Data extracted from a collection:
========================================================================

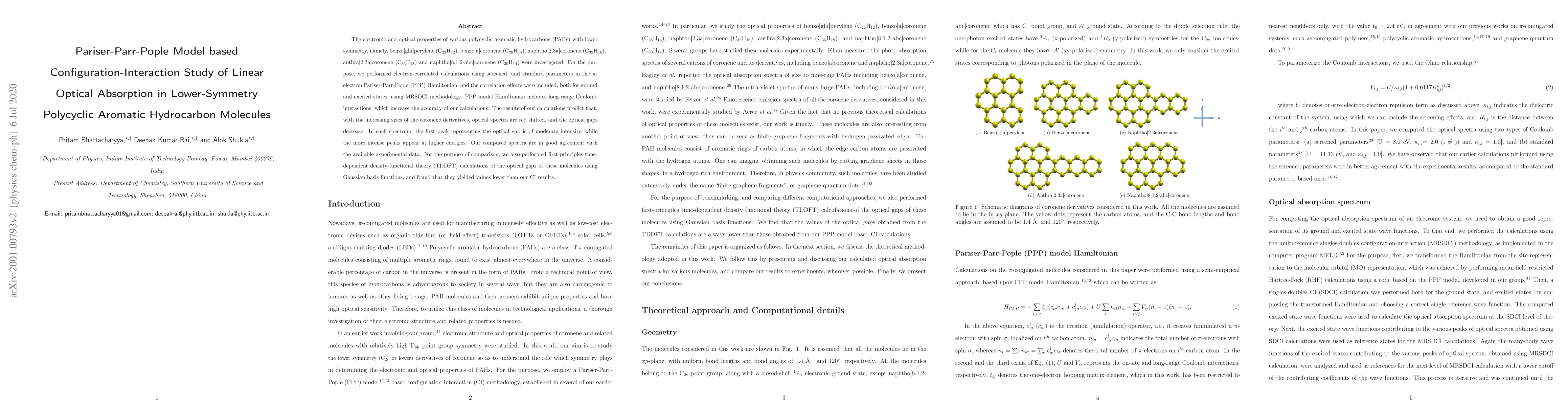 This study investigates the electronic and optical properties of lower-symmetry polycyclic aromatic hydrocarbons using configuration-interaction methods based on the Pariser-Parr-Pople model. The results show red-shifted optical spectra and decreasing optical gaps with increasing molecular size, with computed spectra matching experimental data.
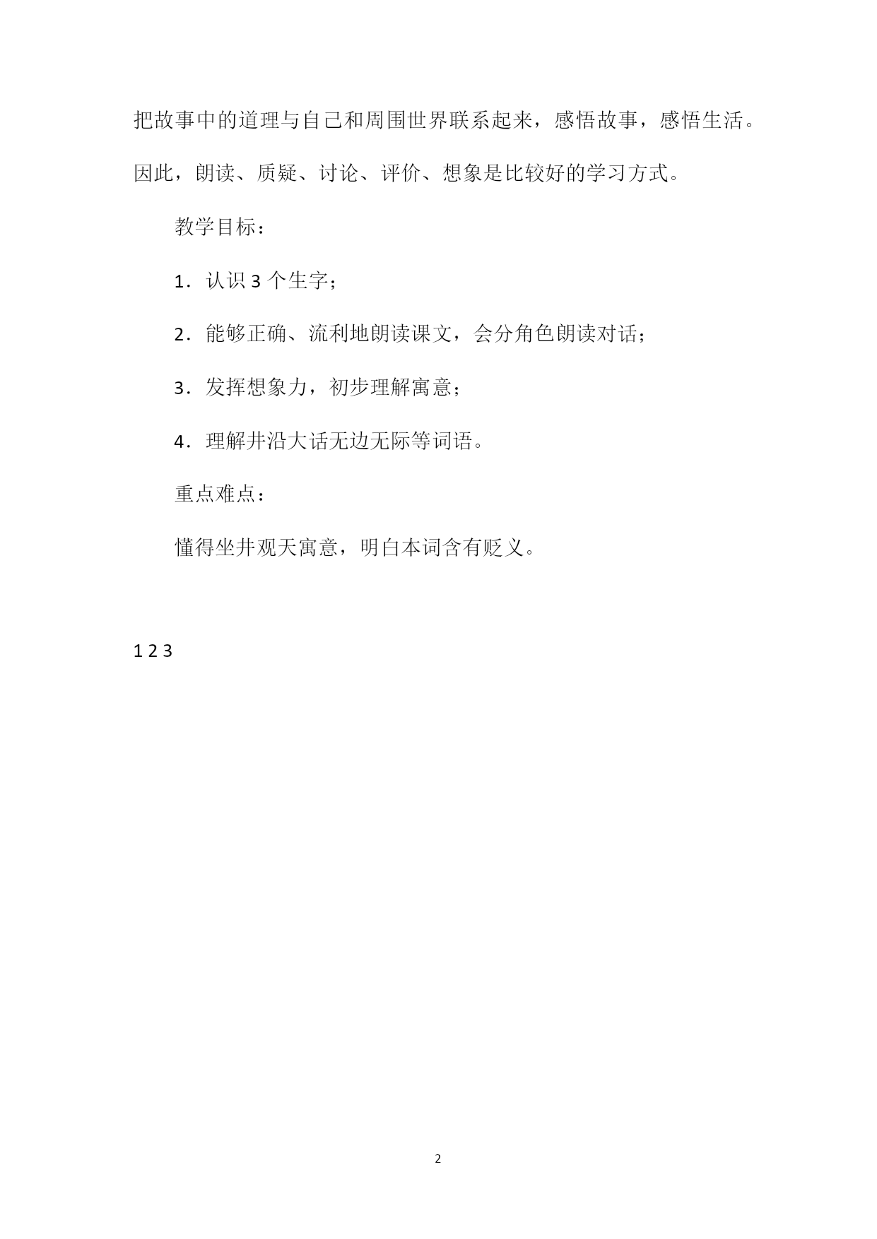 PAGEPAGE2《坐井观天》教学设计教材分析:《坐井观天》这则寓言,通过生动有趣的对话,给孩子们讲述了一个寓意深刻的故事。文章通过青蛙和小鸟对天的大小的争论,阐明了一个深刻的道理:看问题、认识事物,站得要高,看得要全面,不能像青蛙那样犯了错误还自以为是。这一寓意,对于低年级的小朋友来说具有现实的指导意义,因为他们对事物的认识往往是片面的。学生分析:二年级学生年龄小,他们经常把部分当整体,管中窥豹一叶障目,不见泰山的看问题的方法是错误的,但他们在生活中却常常犯这样的错误。比如学艺,常会有这样的感觉,刚接触时,自我感觉特别好,以为自己会了,待到用时,方才明白,山外有山,学无止境。这异于坐井观天啊。因此,进行本课的教学是非常必要的。设计理念:成语故事《坐井观天》,让学生懂得目光短浅,眼界狭小,见识就会有限的道理。我认为可针对学生喜爱故事的特点,利用插图,激发他们主动读故事,引导他们评价故事中的人与事,从中理解和懂得故事所包含的道理,还可以启发学生大胆想象,续编故事。要让学生把故事中的道理与自己和周围世界联系起来,感悟故事,感悟生活。因此,朗读、质疑、讨论、评价、想象是比较好的学习方式。教学目标:1.认识3个生字;2.能够正确、流利地朗读课文,会分角色朗读对话;3.发挥想象力,初步理解寓意;4.理解井沿大话无边无际等词语。重点难点:懂得坐井观天寓意,明白本词含有贬义。123
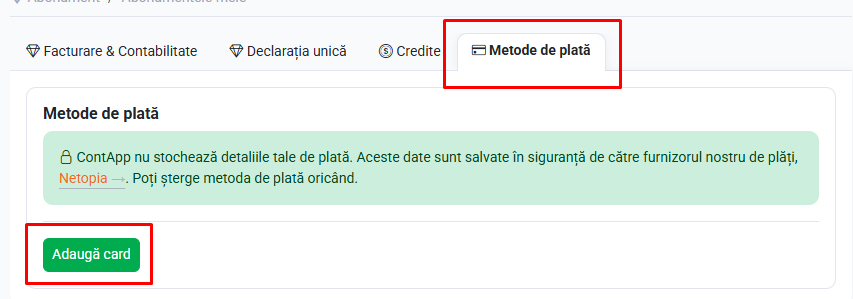 Important! Datele cardului le vei introduce doar în platforma NETOPIA Payments, procesator de plăți autorizat de BNR. ContApp nu stochează datele cardului tău.
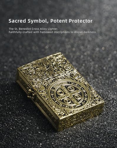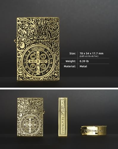 Constantine Lighter, Carved Vintage Oversized Heavy Armor Style Gold Petrol Kerosene St Benedict Metal Lighter for Collect Men, Dad, Husband Gift
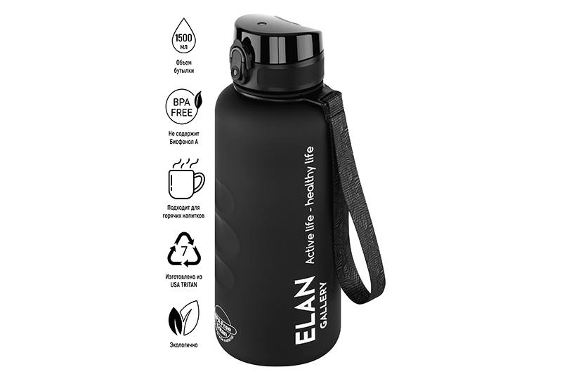 Бутылка для воды 1,5 л 10*10*28,5 см "Style Matte" с углублениями д/пальцев черная

========================================================================

» Prompt
A word-for-word copy is required of the lines above from the line with "Constantine Lighter, Carved" through the last line of the data; no other lines and no pictures belong in it.

» Finished task
 Constantine Lighter, Carved Vintage Oversized Heavy Armor Style Gold Petrol Kerosene St Benedict Metal Lighter for Collect Men, Dad, Husband Gift
 Бутылка для воды 1,5 л 10*10*28,5 см "Style Matte" с углублениями д/пальцев черная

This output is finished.